# How do you solve the equation n^3+2n^2-35n=0?

Feb 5, 2015

Okay so the first step will be removing the gcf

So lets write this as $n \left({n}^{2} + 2 n - 35\right)$
so lets faCtor$\left({n}^{2} + 2 n - 35\right)$

this CAN BE REWRITTEN AS $n \left(n + 7\right) \left(n - 5\right)$

Now using the 0 theorem we can say that one of the 3 polynomials which are being multiplied have to be = 0

So hence the set of values for n are $\left(0 , - 7 , 5\right)$

Feb 5, 2015

You can take one $n$ out and have a quadratic equation.

${n}^{3} + 2 {n}^{2} - 35 n = n \cdot \left({n}^{2} + 2 n - 35\right)$

Now we allready have one possible solution: $n = 0$

Let's look at what we have left.
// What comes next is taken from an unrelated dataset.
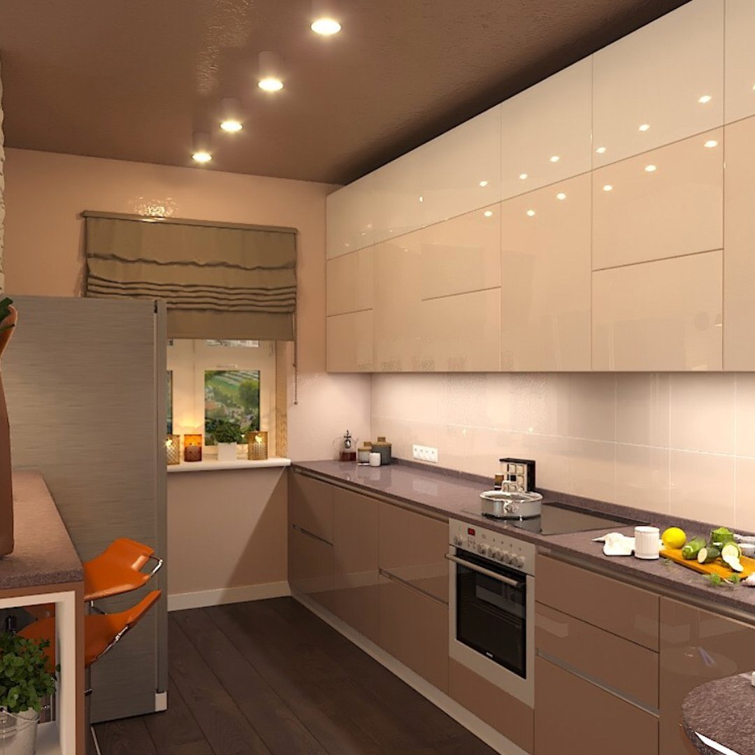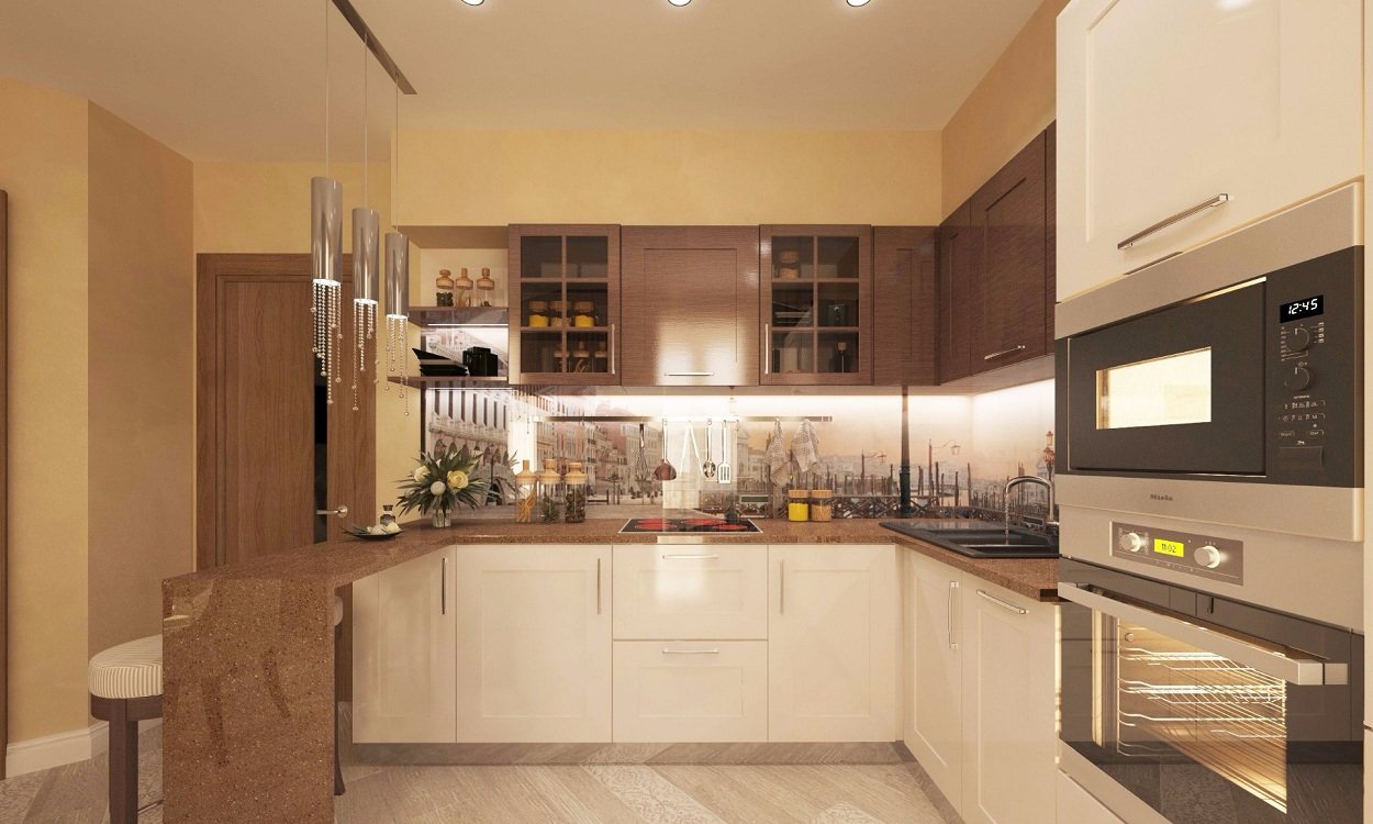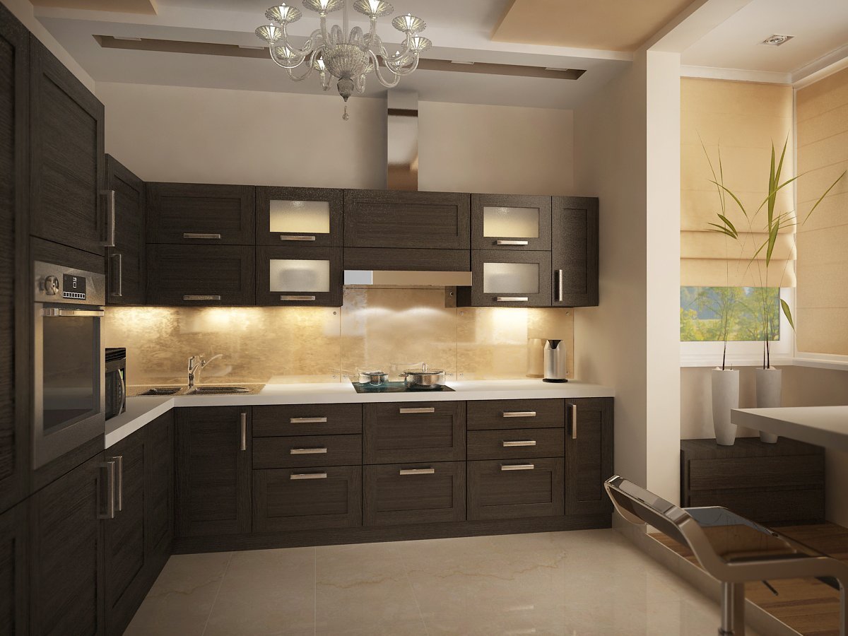 Дизайн кухни светло коричневые тона

A quadratic equation of the form
$a {x}^{2} + b x + c = 0$ where $a = 1$, $b = 2$ and $c = - 35$

Now we have to find two numbers that, when multiplied, give a product of $- 35$ and when added/subtracted give a sum of $2$

These would be $7$ and $- 5$
So the quadratic part factors into $\left(n + 7\right) \left(n - 5\right)$

And the whole original equation will factor into:

${n}^{3} + 2 {n}^{2} - 35 n = n \cdot \left(n + 7\right) \left(n - 5\right) = 0$

$n = 0 \mathmr{and} n = - 7 \mathmr{and} n = 5$